◆ **Data provided**:
* * *
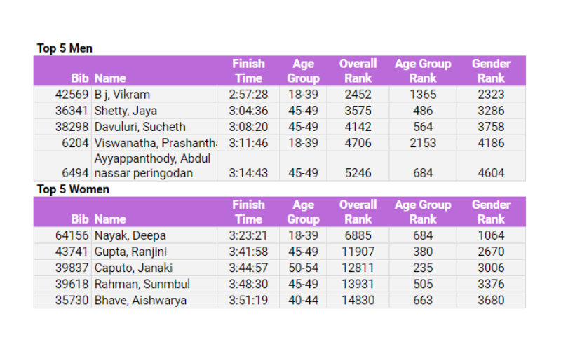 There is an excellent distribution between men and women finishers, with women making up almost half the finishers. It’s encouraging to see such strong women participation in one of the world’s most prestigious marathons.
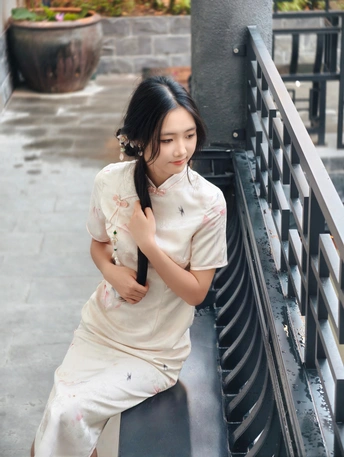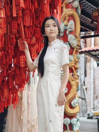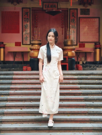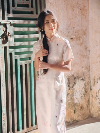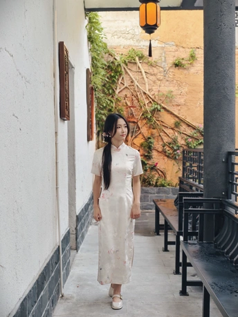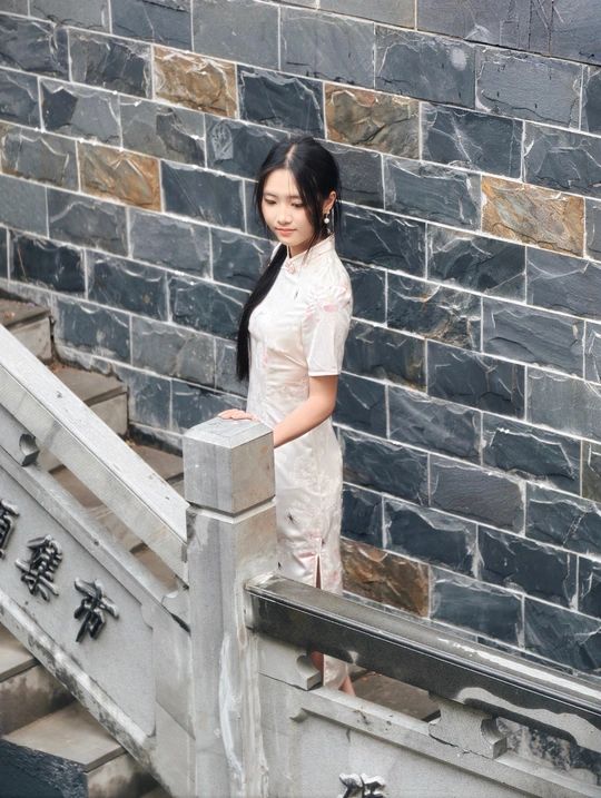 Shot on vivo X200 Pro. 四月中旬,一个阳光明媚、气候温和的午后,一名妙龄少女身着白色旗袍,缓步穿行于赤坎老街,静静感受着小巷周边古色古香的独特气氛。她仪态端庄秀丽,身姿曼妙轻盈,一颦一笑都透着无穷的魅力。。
* * *
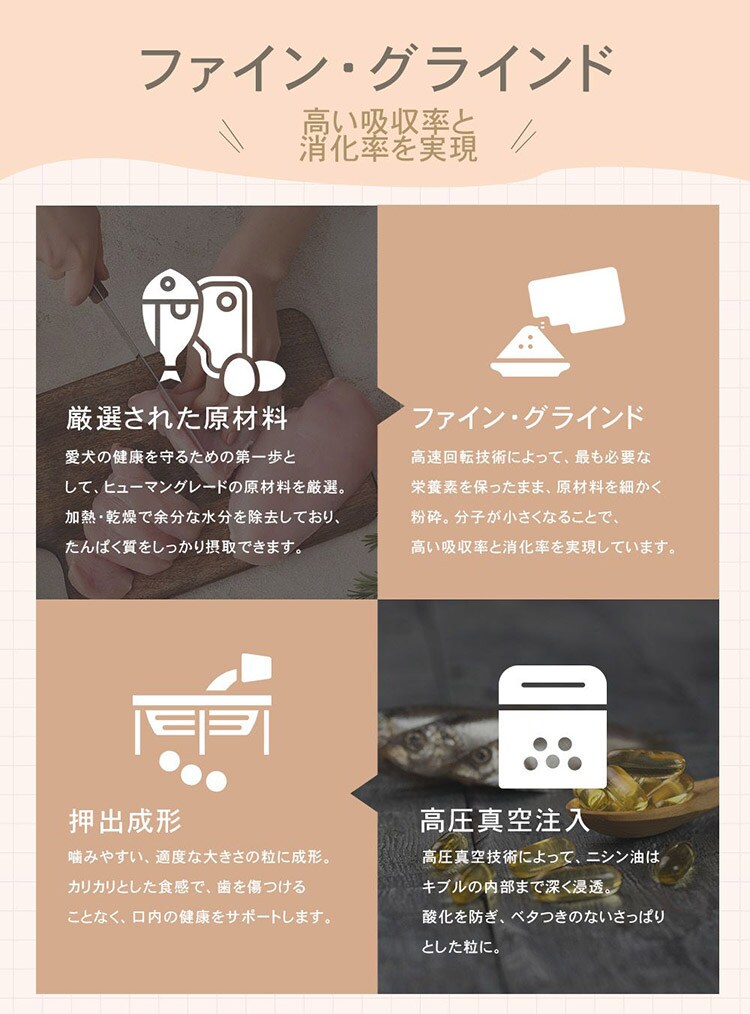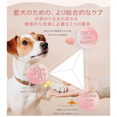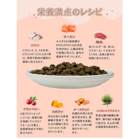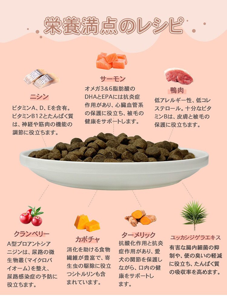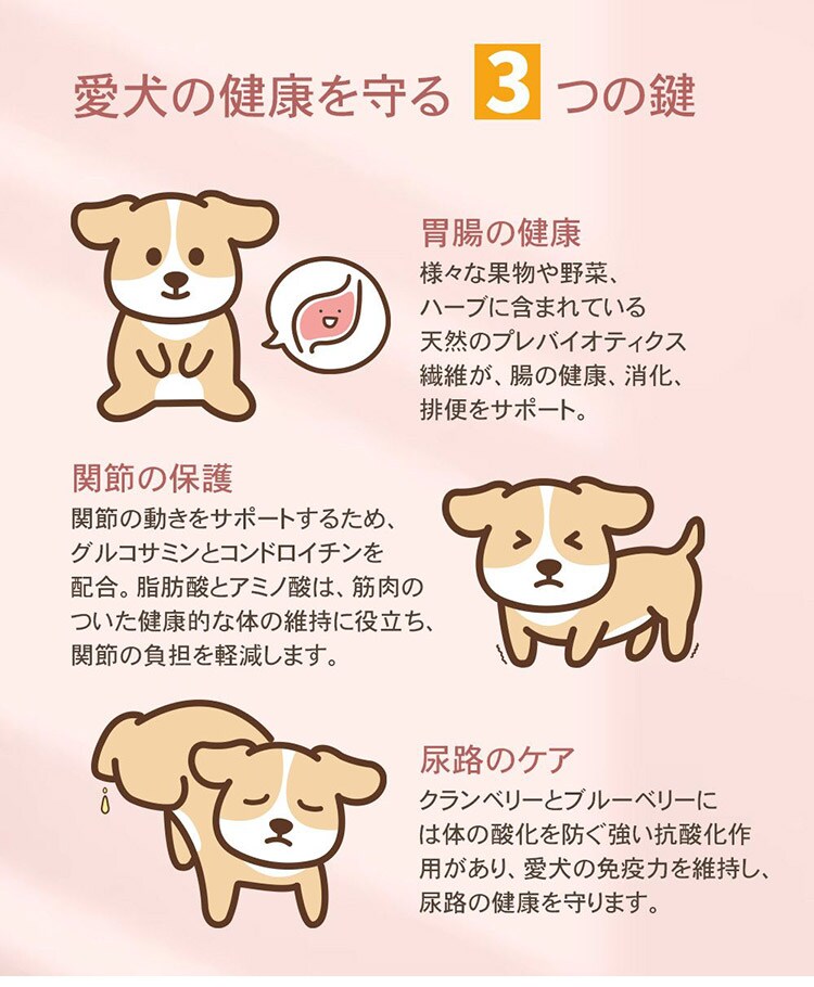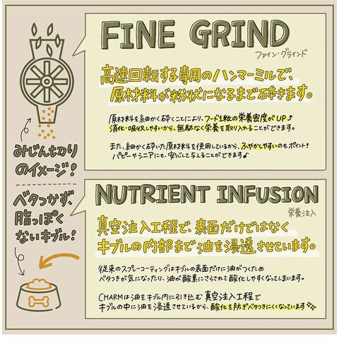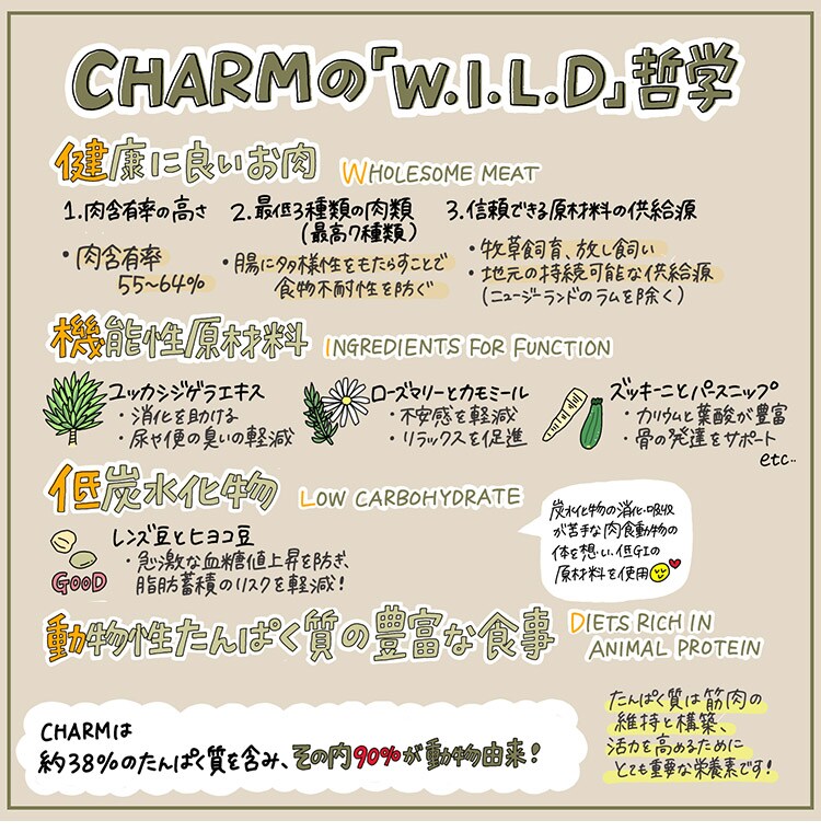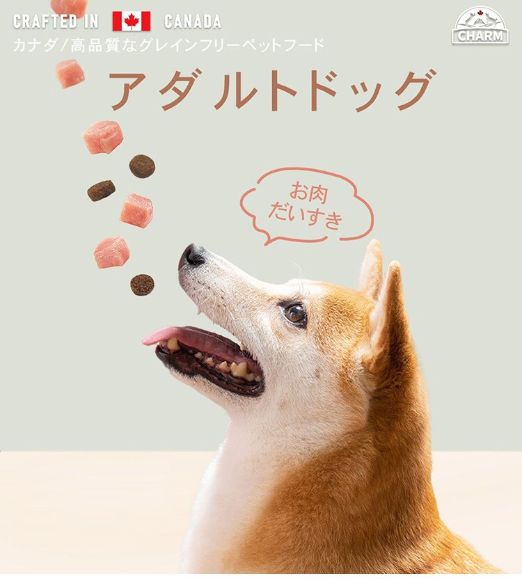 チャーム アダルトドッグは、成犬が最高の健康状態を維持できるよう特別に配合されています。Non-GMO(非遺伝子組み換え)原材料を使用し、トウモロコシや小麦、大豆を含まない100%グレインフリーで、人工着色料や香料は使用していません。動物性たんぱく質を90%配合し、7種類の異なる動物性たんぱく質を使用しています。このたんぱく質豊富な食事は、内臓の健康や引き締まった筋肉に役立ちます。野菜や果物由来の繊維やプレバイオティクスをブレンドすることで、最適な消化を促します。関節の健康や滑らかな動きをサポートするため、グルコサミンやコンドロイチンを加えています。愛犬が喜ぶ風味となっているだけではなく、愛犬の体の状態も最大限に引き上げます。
* * *
◆ **Exercise description**:
Restate word for word every line from the one with "There is an" up to and including the one with "Shot on vivo" in the records above, minus the pictures.

◆ **Answer to the problem**:
 There is an excellent distribution between men and women finishers, with women making up almost half the finishers. It’s encouraging to see such strong women participation in one of the world’s most prestigious marathons.
 Shot on vivo X200 Pro. 四月中旬,一个阳光明媚、气候温和的午后,一名妙龄少女身着白色旗袍,缓步穿行于赤坎老街,静静感受着小巷周边古色古香的独特气氛。她仪态端庄秀丽,身姿曼妙轻盈,一颦一笑都透着无穷的魅力。。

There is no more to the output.